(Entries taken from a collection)
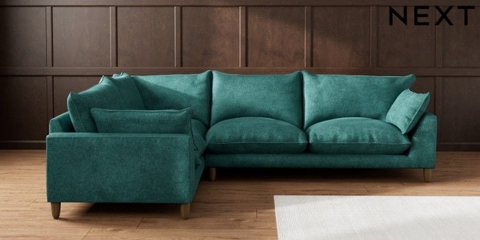 7.2.10 Buy Noa Deep Relaxed Sit Large Corner Sofa - Left Hand Plush Chenille Dark Teal Green High Leg - Mid from the Seasons online shop Click here to use our website with more accessibility support, for example screen readers
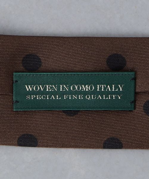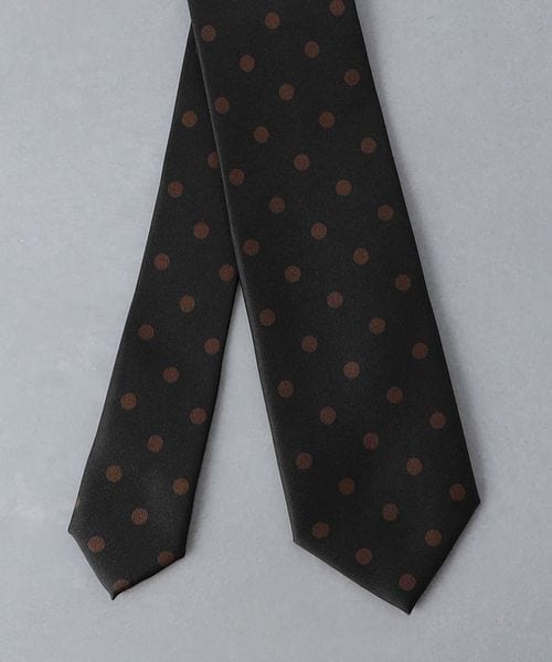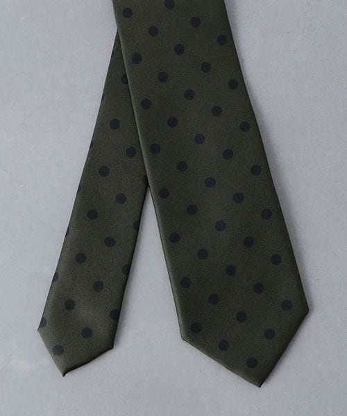 クラシカルなドット柄をアーシーなカラーリングとプリントパターンで起こすことで、モダンな印象をプラスしたネクタイ。
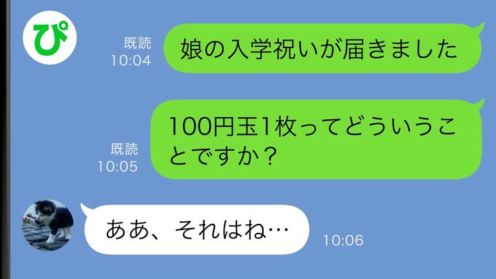 そして、娘が高校に入学。制服姿を写真に撮って義母に送ったところ、お祝いが届きました。封筒の中にはなんと100円玉が1枚!
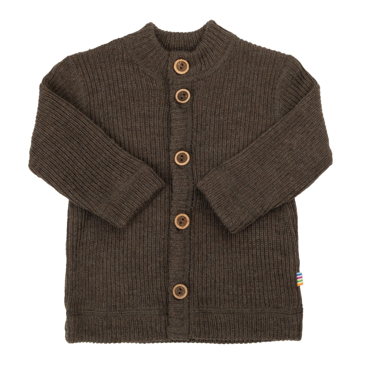 Ribbestrikket cardigan i 100% myk merinoull fra JOHA. Modellen har knapper langs fronten for enkel påkledning og behagelig passform.
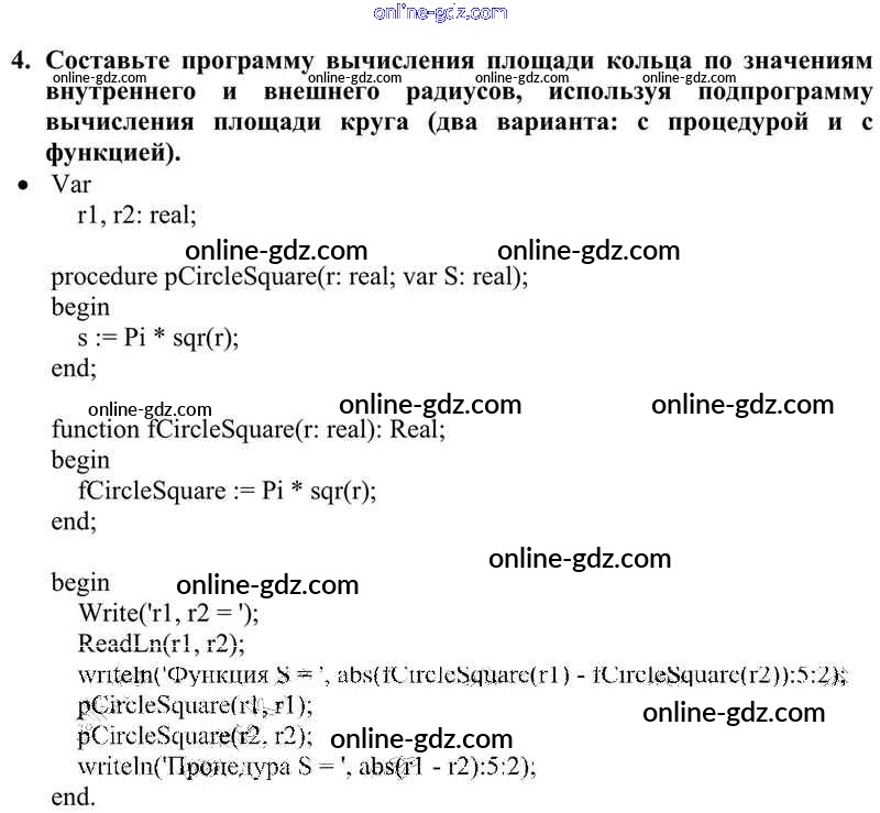 Готовые домашние задания по Информатике за 10 класс Учебник Семакин, Хеннер Базовый уровень 2017 - §23. Вспомогательные алгоритмы и подпрограммы 4
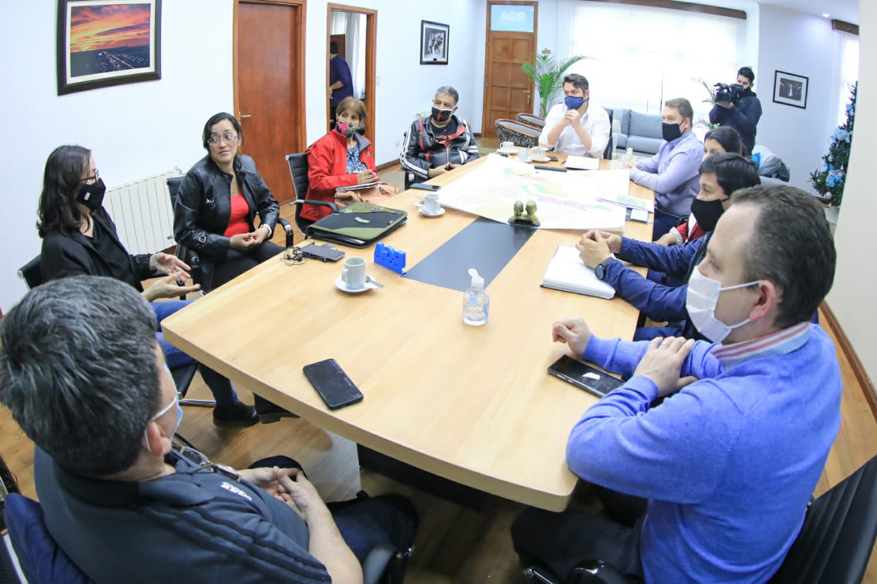 El intendente Martín Perez, junto al secretario de Gobierno, Gastón Díaz; la directora de Tierras, Verónica Moreno; el presidente del Concejo Deliberante, Raúl Von der Thusen; el presidente de Planeamiento Urbano y Obra Pública del Concejo Deliberante, Hugo Martínez; recibieron a parte de la Comisión Directiva de vecinos del barrio de Chacra XI para avanzar hacia una solución definitiva a los problemas habitacionales que atraviesan hace más de ocho años.
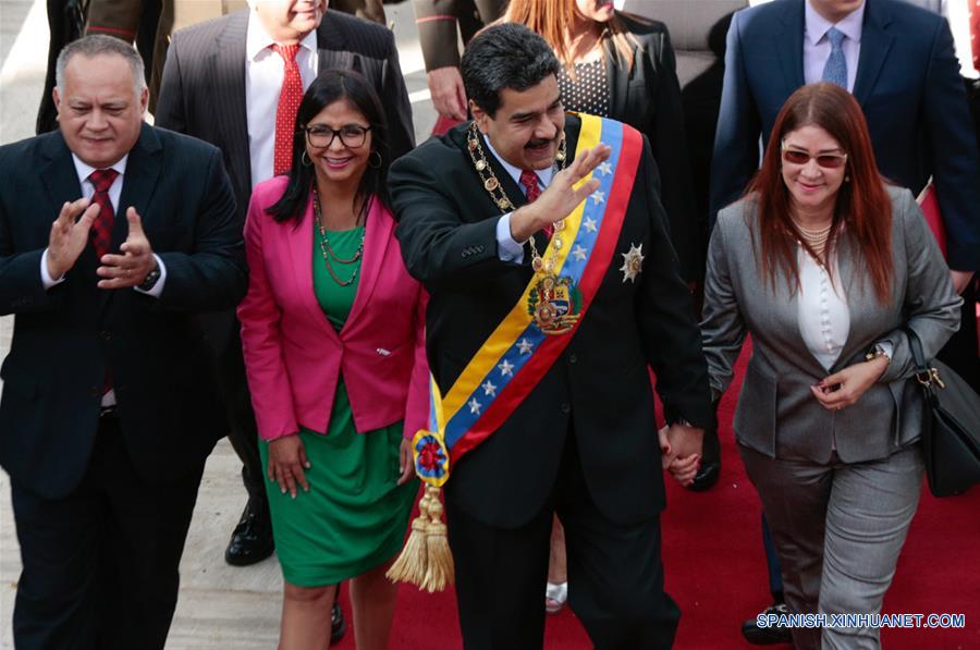 CARACAS, enero 15, 2018 (Xinhua) -- El presidente venezolano, Nicolás Maduro (2-d-frente), acompa?ado por su esposa Cilia Flores (2-i-frente), la presidenta de la Asamblea Nacional Constituyente (ANC) de Venezuela, Delcy Rodríguez (d-frente), y el constituyente y primer vicepresidente del Partido Socialista Unido de Venezuela (PSUV), Diosdado Cabello (i-frente), llega al Palacio Federal Legislativo para rendir su mensaje anual a la nación ante la ANC, en Caracas, Venezuela, el 15 de enero de 2018. De acuerdo con información de la prensa local, Maduro ofreció su mensaje anual a la nación ante la ANC luego de que este órgano plenipotenciario lo citara el 5 de enero por una propuesta presentada por la también constituyente Cilia Flores, que responde al "desacato" en que permanece la Asamblea Nacional (AN) desde 2016. (Xinhua/Boris Vergara)
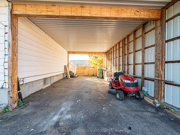 Fully fenced backyardTwo-tier deckAttached carportTwo sheds

— Assignment —
Write out the entries again, exactly as given, skipping any images.

— Expected output —
 7.2.10 Buy Noa Deep Relaxed Sit Large Corner Sofa - Left Hand Plush Chenille Dark Teal Green High Leg - Mid from the Seasons online shop Click here to use our website with more accessibility support, for example screen readers
 クラシカルなドット柄をアーシーなカラーリングとプリントパターンで起こすことで、モダンな印象をプラスしたネクタイ。
 そして、娘が高校に入学。制服姿を写真に撮って義母に送ったところ、お祝いが届きました。封筒の中にはなんと100円玉が1枚!
 Ribbestrikket cardigan i 100% myk merinoull fra JOHA. Modellen har knapper langs fronten for enkel påkledning og behagelig passform.
 Готовые домашние задания по Информатике за 10 класс Учебник Семакин, Хеннер Базовый уровень 2017 - §23. Вспомогательные алгоритмы и подпрограммы 4
 El intendente Martín Perez, junto al secretario de Gobierno, Gastón Díaz; la directora de Tierras, Verónica Moreno; el presidente del Concejo Deliberante, Raúl Von der Thusen; el presidente de Planeamiento Urbano y Obra Pública del Concejo Deliberante, Hugo Martínez; recibieron a parte de la Comisión Directiva de vecinos del barrio de Chacra XI para avanzar hacia una solución definitiva a los problemas habitacionales que atraviesan hace más de ocho años.
 CARACAS, enero 15, 2018 (Xinhua) -- El presidente venezolano, Nicolás Maduro (2-d-frente), acompa?ado por su esposa Cilia Flores (2-i-frente), la presidenta de la Asamblea Nacional Constituyente (ANC) de Venezuela, Delcy Rodríguez (d-frente), y el constituyente y primer vicepresidente del Partido Socialista Unido de Venezuela (PSUV), Diosdado Cabello (i-frente), llega al Palacio Federal Legislativo para rendir su mensaje anual a la nación ante la ANC, en Caracas, Venezuela, el 15 de enero de 2018. De acuerdo con información de la prensa local, Maduro ofreció su mensaje anual a la nación ante la ANC luego de que este órgano plenipotenciario lo citara el 5 de enero por una propuesta presentada por la también constituyente Cilia Flores, que responde al "desacato" en que permanece la Asamblea Nacional (AN) desde 2016. (Xinhua/Boris Vergara)
 Fully fenced backyardTwo-tier deckAttached carportTwo sheds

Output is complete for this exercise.